Во всех этих проявлениях присутствует важная черта — сознательная или бессознательная зависть пациента по отношению к терапевту и стабильное чувство у пациента, что в кабинете может быть лишь один великий человек, который обязательно должен обесценивать второго, неполноценного человека, что мотивирует пациента постоянно пытаться занимать превосходящее положение, рискуя оказаться покинутым из-за утраты обесцененного терапевта. Зависть к терапевту, в то же время, это бесконечный источник недовольства тем, что предлагает терапевт, и она может принимать разные формы. Наиболее важная — зависть к творческой способности терапевта, к тому, что он может творчески понимать пациента, а не просто выдать заготовленное клише, которое пациент может заучить наизусть. Кроме того, зависть вызывает сама способность терапевта инвестировать в отношения, которая у самого пациента, как он сам понимает, отсутствует. Наиболее важным следствием конфликтов вокруг зависти являются негативные терапевтические реакции: обычно пациент чувствует себя хуже после ситуации, в которой он явно признал пользу помощи со стороны терапевта. Отыгрывание завистливого недовольства терапевтом может принимать разные формы, например, манипулирование одним терапевтом против другого; агрессивная псевдоидентификация с терапевтом путём отыгрывания его роли в деструктивном взаимодействиями с третьими сторонами; а также, что бывает довольно часто, конструирование пациентом видения, будто он единственный ответственен за любой прогресс.

Анализ составных идеализированных Я и объектных отношений, которые совместно консолидируются в патологическое грандиозное Я таких пациентов, постепенно позволяет снизить грандиозность в переносе и псевдоинтеграцию патологического грандиозного Я и приводит к проявлению более примитивных интернализованных объектных отношений в переносе и связанных с ними более примитивных аффективных инвестиций. Этот процесс клинически проявляется в прорывах агрессивных реакций как части таких примитивных объектных отношений, включая суицидальное и парасуицидальное поведение в связи с бессознательной идентификацией с сильными, но враждебными объектами: «победа» этих примитивных объектных репрезентаций над терапевтом может символизироваться в разрушении тела пациента.

Хронические суицидальные тенденции нарциссических пациентов имеют предумышленное, просчитанное, холодное садистическое качество, которое отличает их от импульсивной, «сиюминутной» суицидальности обычных пограничных пациентов (Kernberg, 2001). Также может становиться превалирующей проекция персекуторных объектных репрезентаций на терапевта в форме тяжёлого параноидного переноса, а также в форме нарциссической ярости, которая выражает чувство заслуженности пациента и его завистливое недовольство. «Воровство» у терапевта может принимать форму освоения лексикона терапевта, чтобы применять его к другим, а не к самому себе, а также форму синдрома перверсии, который отражается в использовании того, что получено у терапевта в качестве выражения заботы и поддержки, для выражения агрессии по отношению к другим. Иными словами, перверсия это злокачественная трансформация того, что пациент получил от терапевта. Извращение ценностей Суперэго может быть отыграно в виде антисоциального поведения, в качестве причине которого пациент бессознательно рассматривает безответственность терапевта, а не себя самого.

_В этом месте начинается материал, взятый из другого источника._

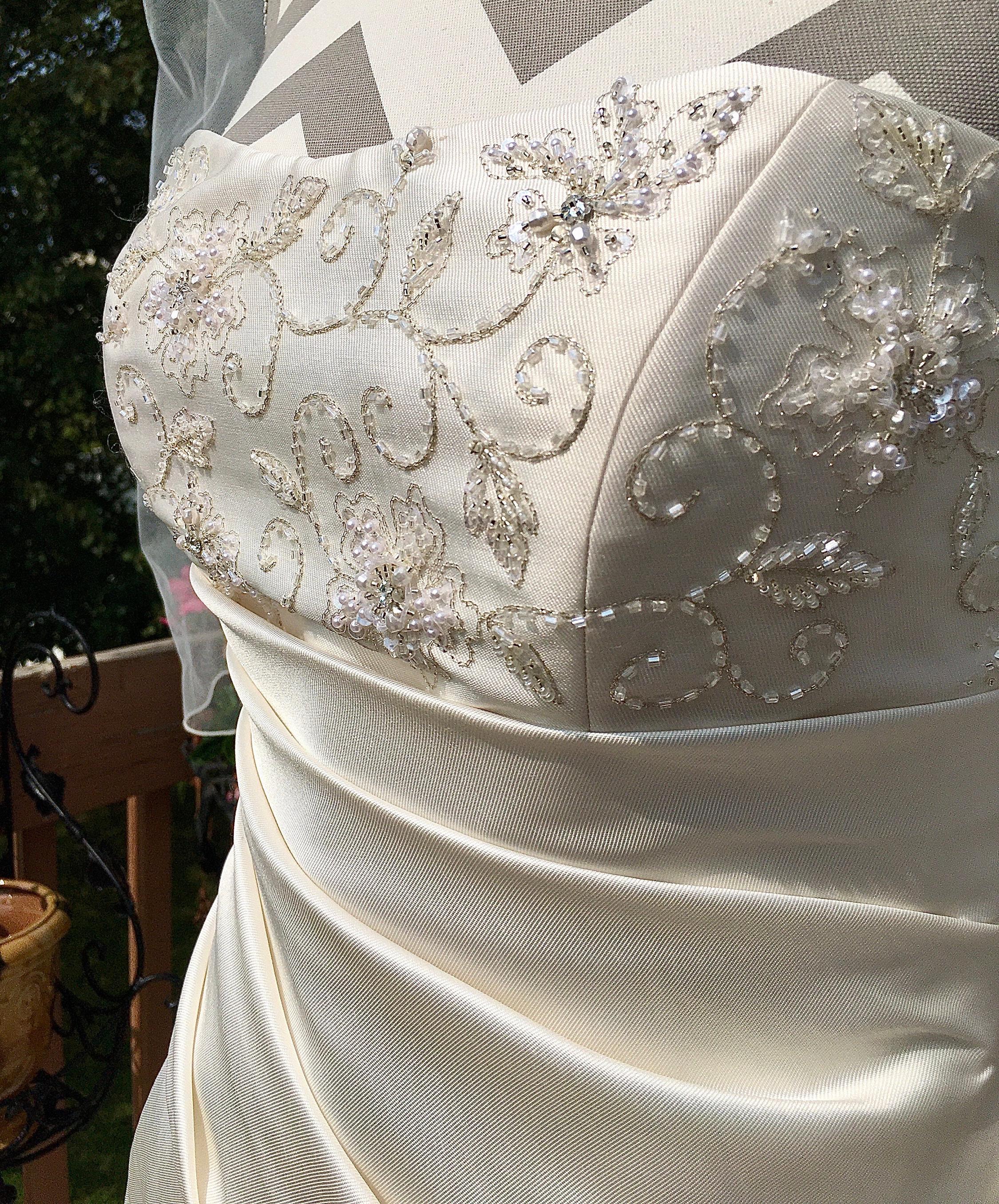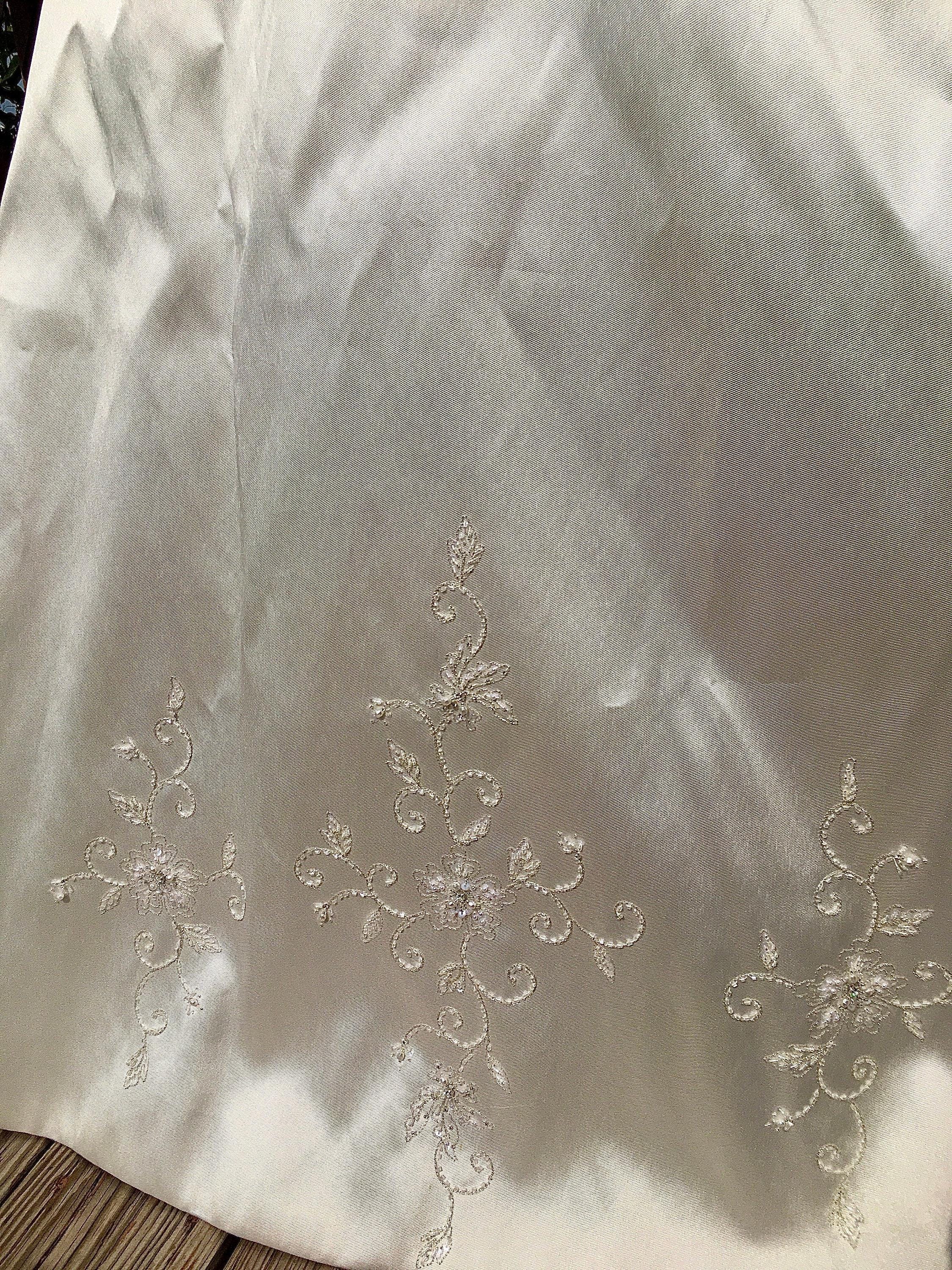 *Note: This gown was taken out of it’s heirloom box, hence some wrinkling. We feel its important to allow the buyer to handle the steaming of an already heirloom cleaned treasure!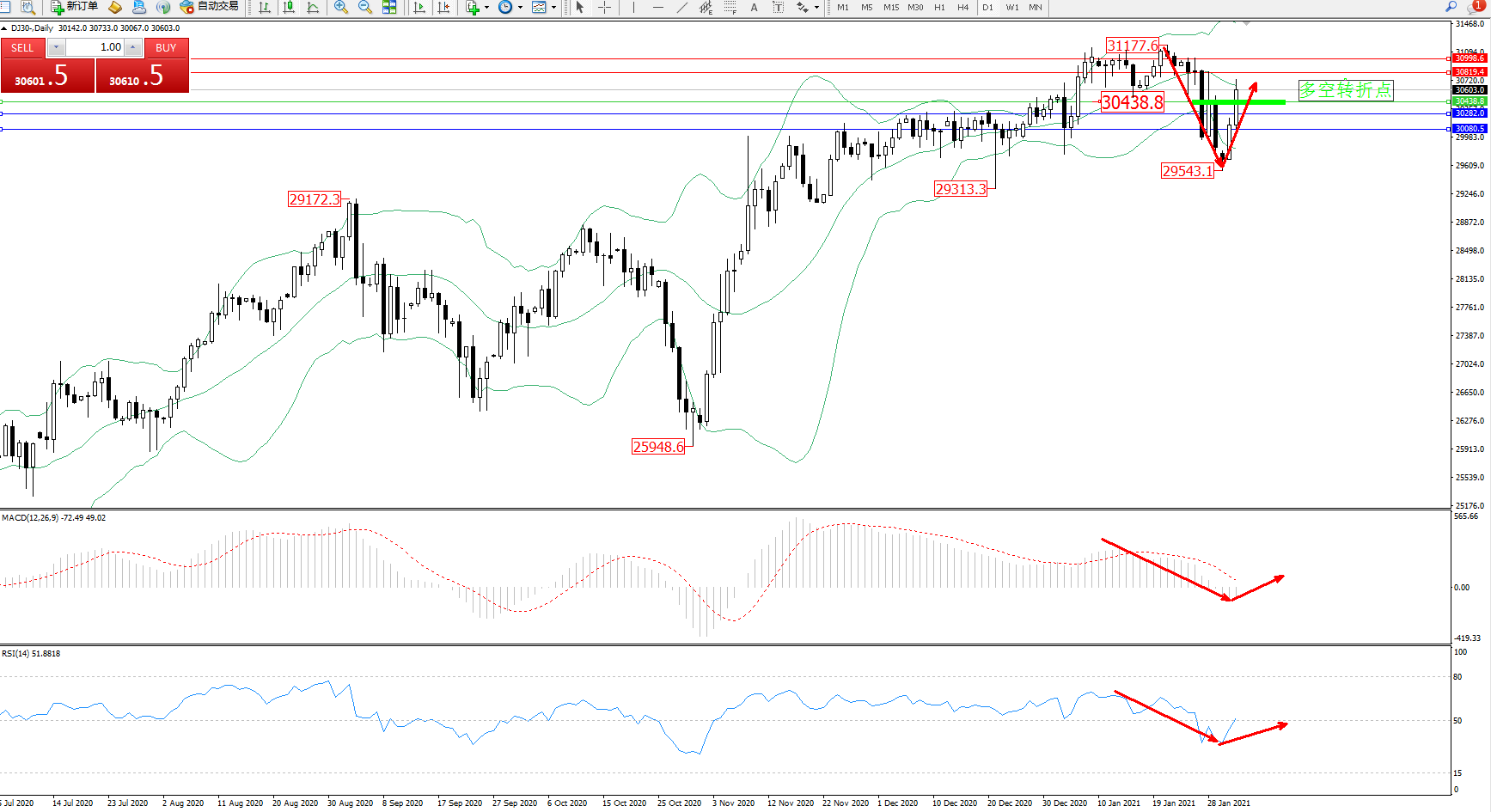 道琼斯指数DJ30—— 日K线图显示:

Нарциссическая заслуженность и жадное инкорпорирование того, в чём пациент, как ему кажется, обделён, принимает форму выраженно эротического переноса, требований любви со стороны терапевта или даже попыток соблазнить терапевта в рамках общих усилий разрушить его роль. Это тяжёлые осложнения, которые очень отличаются от эротического переноса у невротических пациентов.

Когда происходит улучшение, обычно тяжёлая зависть снижается, а в переносе и во внепереносных реакциях начинает появляться способность к благодарности, в особенности в отношениях с сексуальными партнёрами. Зависть к противоположному гендеру — доминантный бессознательный конфликт нарциссических личностей, и снижение зависти к другому полу позволяет снизить бессознательные обесценивающие установки по отношению к интимным партнёрам, а также развивается способность к поддержанию любовных отношений. Нарциссические пациенты могут легче выносить собственные чувства зависти, не испытывая необходимости отыгрывать их, и в этом процессе по мере роста осознанности тенденции к защитному обесцениванию постепенно снижаются. Развитие более зрелого чувства вины и озабоченности по поводу собственных агрессивных и эксплуататорских установок указывает на консолидацию Суперэго, а также на углубление объектных отношений. Иногда, однако, эта интеграция может указывать на такую выраженность интегрированного теперь, но садистического Суперэго, что на этапе, когда улучшение в их патологии характера становится явным, эти пациенты могут погрузиться в тяжёлую депрессию.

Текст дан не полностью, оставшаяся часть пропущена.